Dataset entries

.....

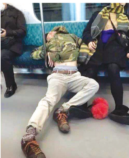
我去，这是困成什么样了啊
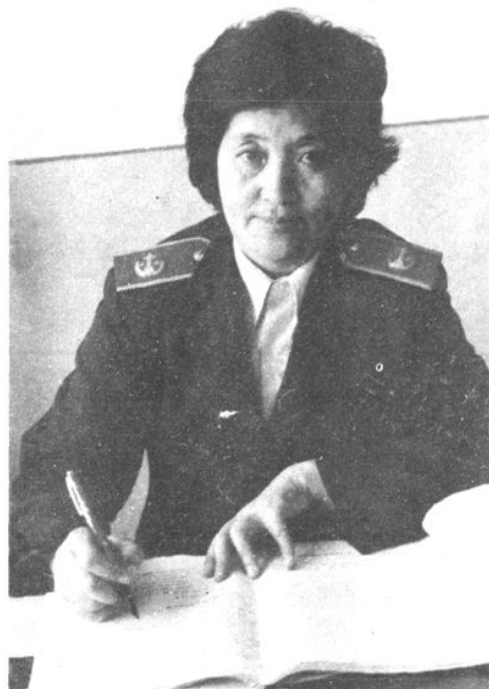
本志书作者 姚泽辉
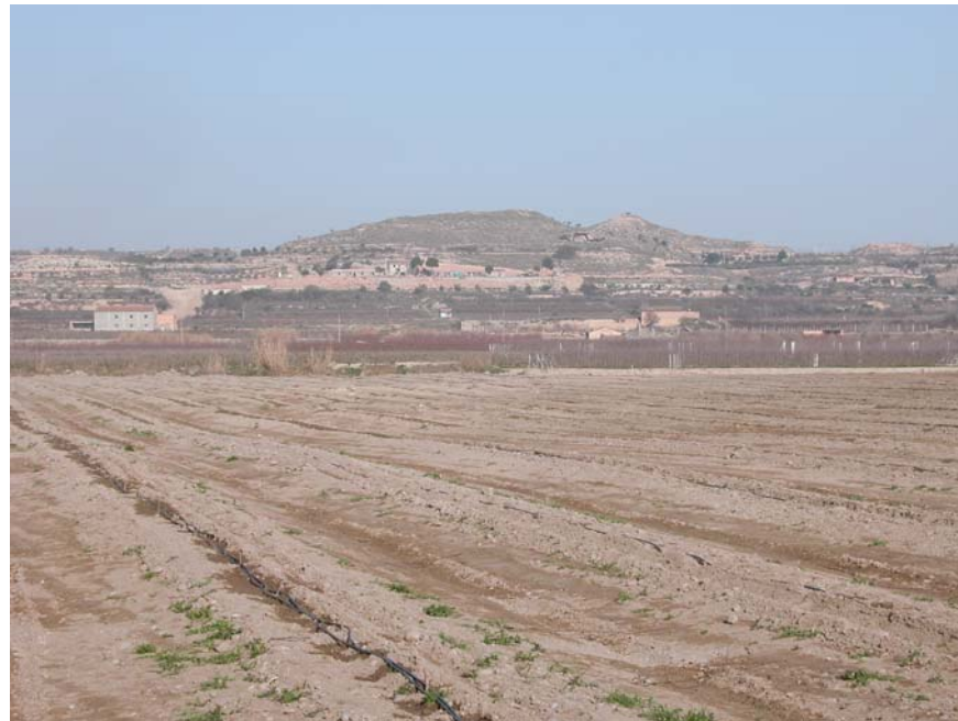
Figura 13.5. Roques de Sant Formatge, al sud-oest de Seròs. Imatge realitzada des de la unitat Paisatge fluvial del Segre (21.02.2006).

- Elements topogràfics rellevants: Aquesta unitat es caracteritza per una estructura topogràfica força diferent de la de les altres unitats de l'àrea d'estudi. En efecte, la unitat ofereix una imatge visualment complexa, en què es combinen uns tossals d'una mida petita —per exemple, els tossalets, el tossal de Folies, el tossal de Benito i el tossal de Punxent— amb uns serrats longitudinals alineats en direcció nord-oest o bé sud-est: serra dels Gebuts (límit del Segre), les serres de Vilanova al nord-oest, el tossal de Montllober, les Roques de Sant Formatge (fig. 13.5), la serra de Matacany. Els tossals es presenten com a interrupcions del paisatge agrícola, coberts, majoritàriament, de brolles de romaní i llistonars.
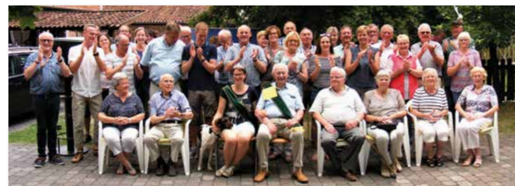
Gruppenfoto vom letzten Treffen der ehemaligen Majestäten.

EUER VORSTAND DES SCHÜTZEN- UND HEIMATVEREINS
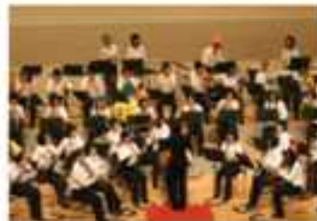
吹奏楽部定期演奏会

.....

# AIM OF THE EXERCISE
Restate word for word the lines from the line with "Gruppenfoto vom letzten" to the last line of the records above, inclusive, and omit every picture.

# EXERCISE SOLUTION
Gruppenfoto vom letzten Treffen der ehemaligen Majestäten.

EUER VORSTAND DES SCHÜTZEN- UND HEIMATVEREINS
吹奏楽部定期演奏会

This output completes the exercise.